Provided material:
-=-=-
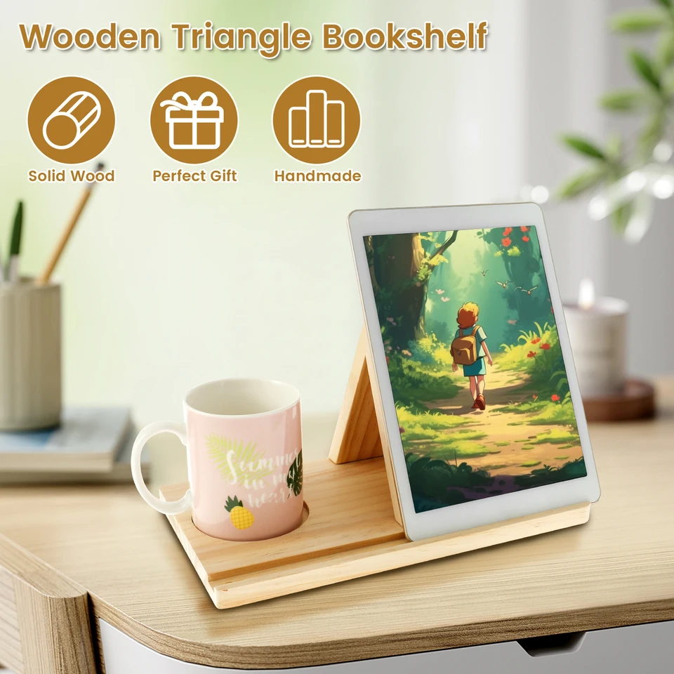 Petite Bibliothèque Table Nuit Accessoire Bureau Lecture Repose-livre Triangulaire En Bois Avec Porte-gobelet Yitexin - Support De Lecture, Rangement Bureau Porte-gobelet Bureau Repose-livre Bureau Décoration Il suffit de l'allumer et de l'éteindre pour passer rapidement en mode lecture à tout moment et profiter d'une expérience de lecture transparente. [matériel de haute qualité]: les étagères sont faites de bois de haute qualité, robustes et durables, avec des bords lisses et sans rayures Étagère à Livres De Lecture Avec Porte-gobelet Support De Livre Triangulaire En Bois Petite Etagere A Livres De Lecture Triangulaire Courte En Bois De Haute Qualite 88885886 L'étagère est dotée de supports latéraux qui sont à la fois confortables et protègent vos précieux livres Support Livre Triangulaire De Haute Qualité, Support Livre Bois Avec Porte-Gobelet, Porte Livre... Étagère Et Séparateurs: Cette étagère triangulaire idéale vous permet de ne plus vous soucier des plis sur le dos des livres, des marque-pages en papier ou des coins cornés, sans rencontrer de problèmes ni perdre d'espace Conception Triangulaire: Ce support en bois peut également servir de marque-page. Étagère Multifonctionnelle: Vous pouvez y poser des livres, tout en buvant une tasse de café pendant votre lecture. Il est suffisamment lourd pour ne pas bouger lorsque vous y placez des livres d'une certaine épaisseur
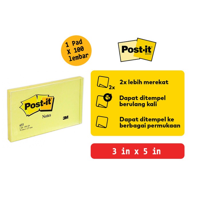 Post-it Notes 3M 655 Kuning 3"x5" (76x127mm) 100 sheets
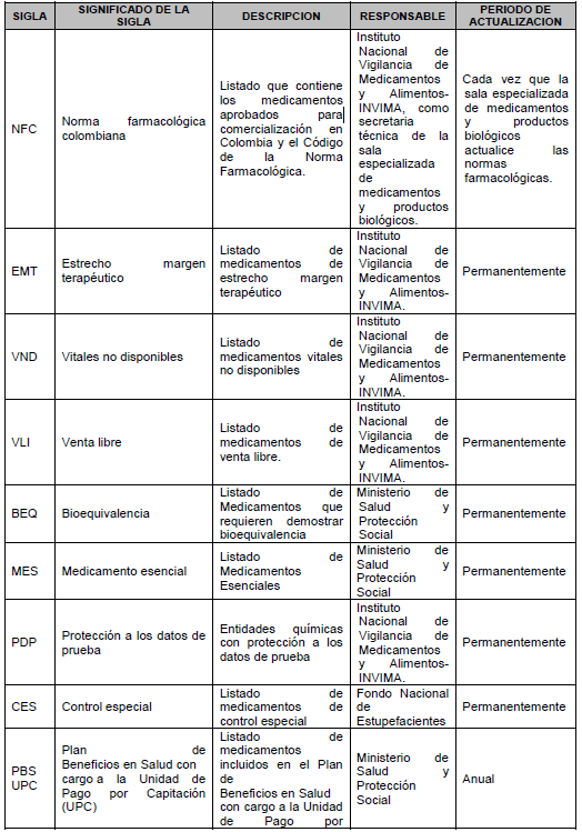 10.3. Tablas de referencia: Listados que deben ser utilizados para conocer el identificador y la descripción de aquellos atributos del estándar de datos de medicamentos que se encuentran definidos y son generados por autoridades y organizaciones nacionales e internacionales. La actualización de las Tablas de Referencia será realizada por el Invima, en coordinación con este Ministerio.
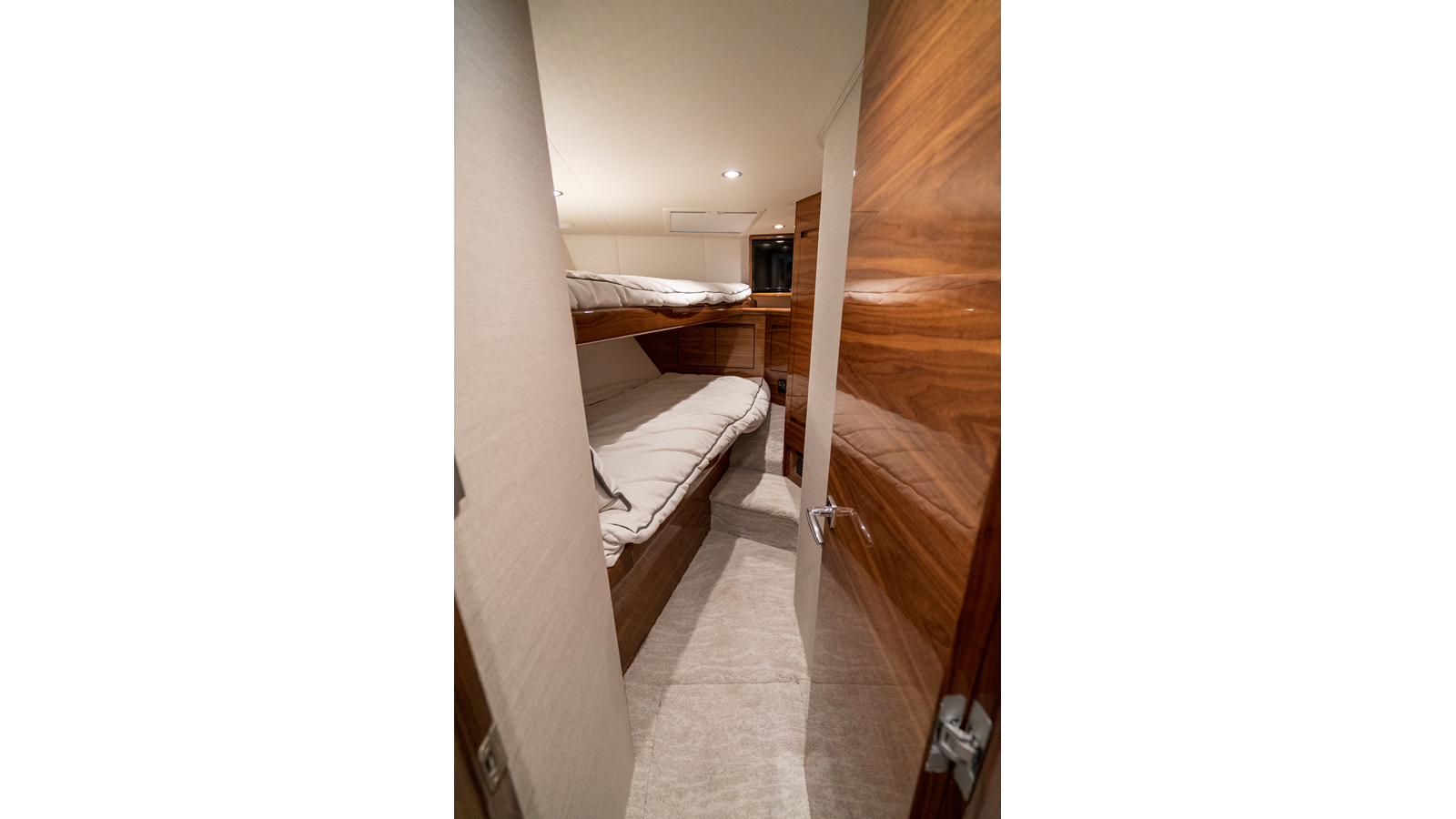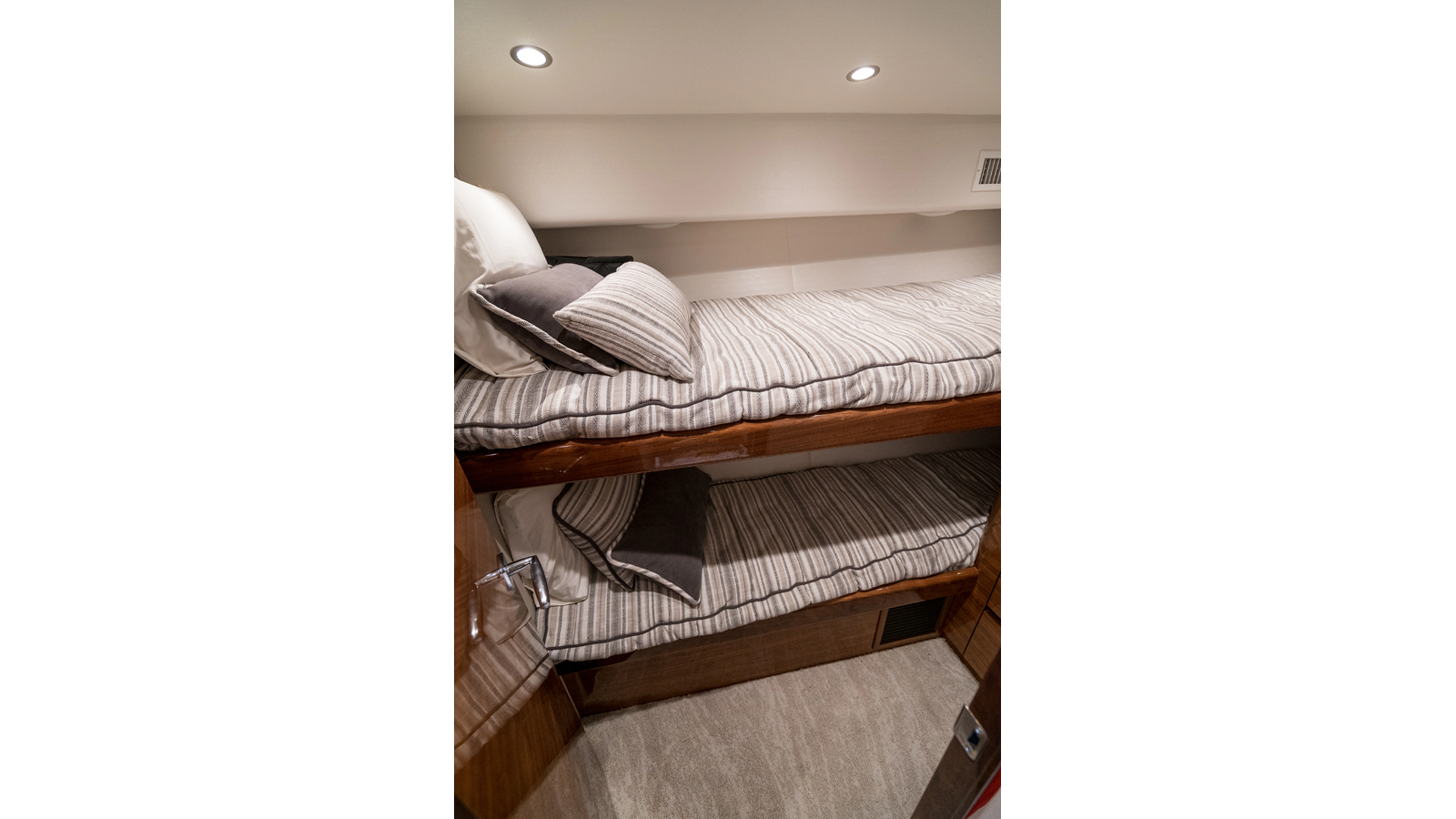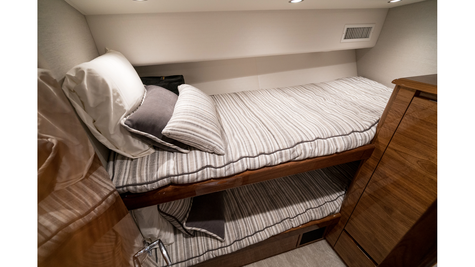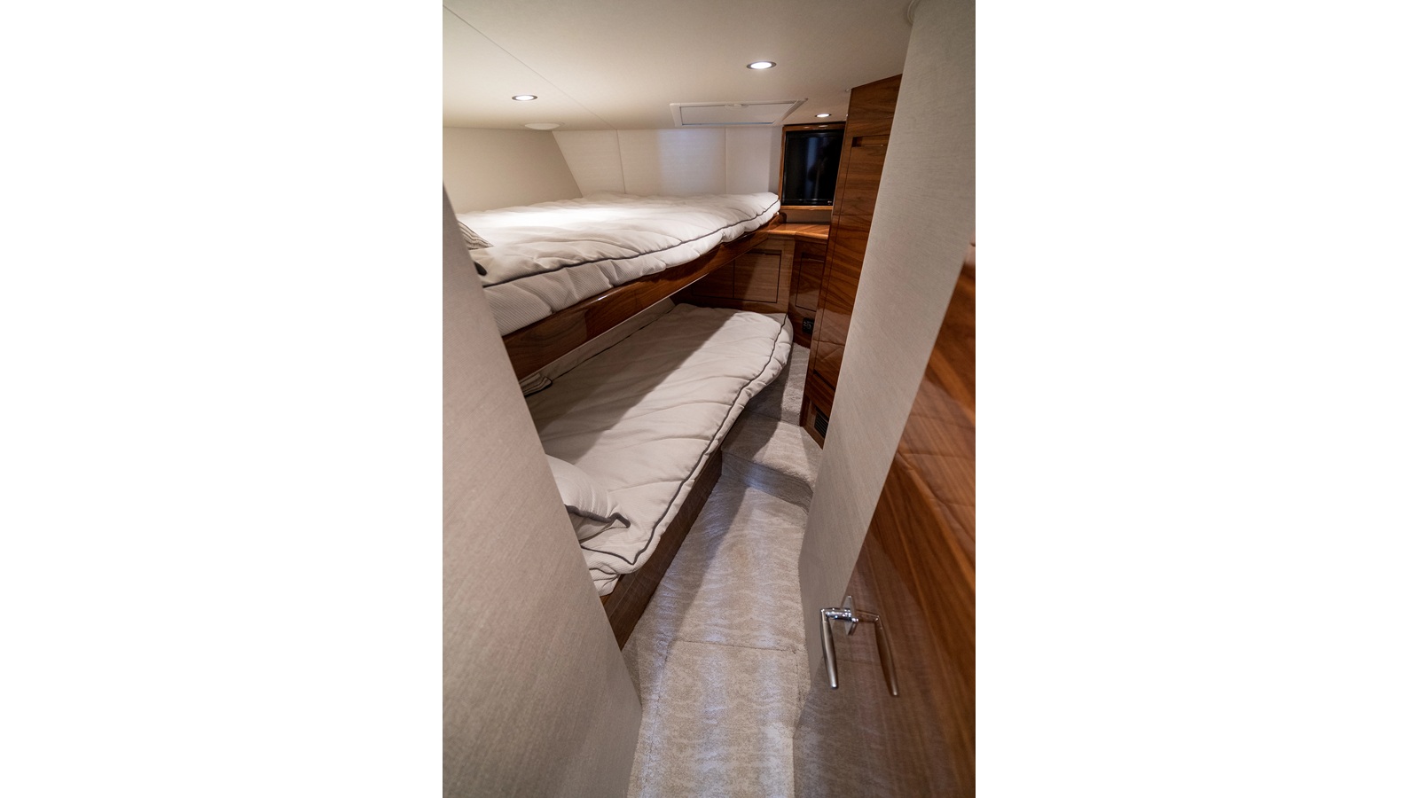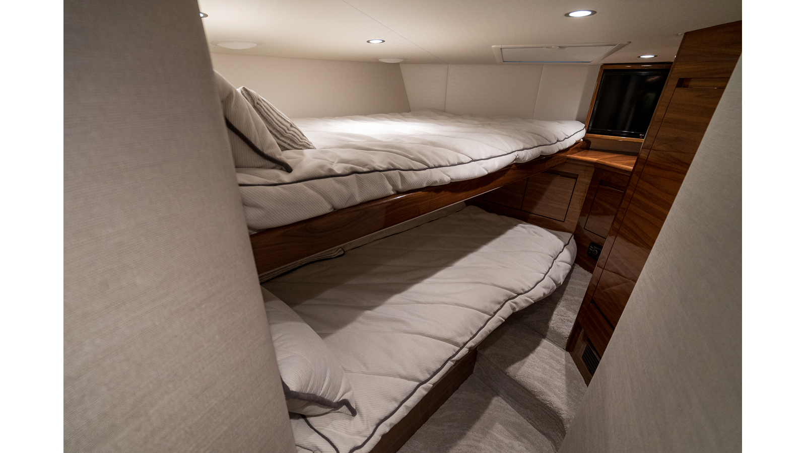- Guest Stateroom to Port Midship: ---Bed, Upper - Lower Crossover Bunks ---Storage Underneath ---Hanging Locker ---Stereo
-=-=-
Exercise details: Copy the data exactly. Pictures do not belong in the copy.

Final answer:
 Petite Bibliothèque Table Nuit Accessoire Bureau Lecture Repose-livre Triangulaire En Bois Avec Porte-gobelet Yitexin - Support De Lecture, Rangement Bureau Porte-gobelet Bureau Repose-livre Bureau Décoration Il suffit de l'allumer et de l'éteindre pour passer rapidement en mode lecture à tout moment et profiter d'une expérience de lecture transparente. [matériel de haute qualité]: les étagères sont faites de bois de haute qualité, robustes et durables, avec des bords lisses et sans rayures Étagère à Livres De Lecture Avec Porte-gobelet Support De Livre Triangulaire En Bois Petite Etagere A Livres De Lecture Triangulaire Courte En Bois De Haute Qualite 88885886 L'étagère est dotée de supports latéraux qui sont à la fois confortables et protègent vos précieux livres Support Livre Triangulaire De Haute Qualité, Support Livre Bois Avec Porte-Gobelet, Porte Livre... Étagère Et Séparateurs: Cette étagère triangulaire idéale vous permet de ne plus vous soucier des plis sur le dos des livres, des marque-pages en papier ou des coins cornés, sans rencontrer de problèmes ni perdre d'espace Conception Triangulaire: Ce support en bois peut également servir de marque-page. Étagère Multifonctionnelle: Vous pouvez y poser des livres, tout en buvant une tasse de café pendant votre lecture. Il est suffisamment lourd pour ne pas bouger lorsque vous y placez des livres d'une certaine épaisseur
 Post-it Notes 3M 655 Kuning 3"x5" (76x127mm) 100 sheets
 10.3. Tablas de referencia: Listados que deben ser utilizados para conocer el identificador y la descripción de aquellos atributos del estándar de datos de medicamentos que se encuentran definidos y son generados por autoridades y organizaciones nacionales e internacionales. La actualización de las Tablas de Referencia será realizada por el Invima, en coordinación con este Ministerio.
- Guest Stateroom to Port Midship: ---Bed, Upper - Lower Crossover Bunks ---Storage Underneath ---Hanging Locker ---Stereo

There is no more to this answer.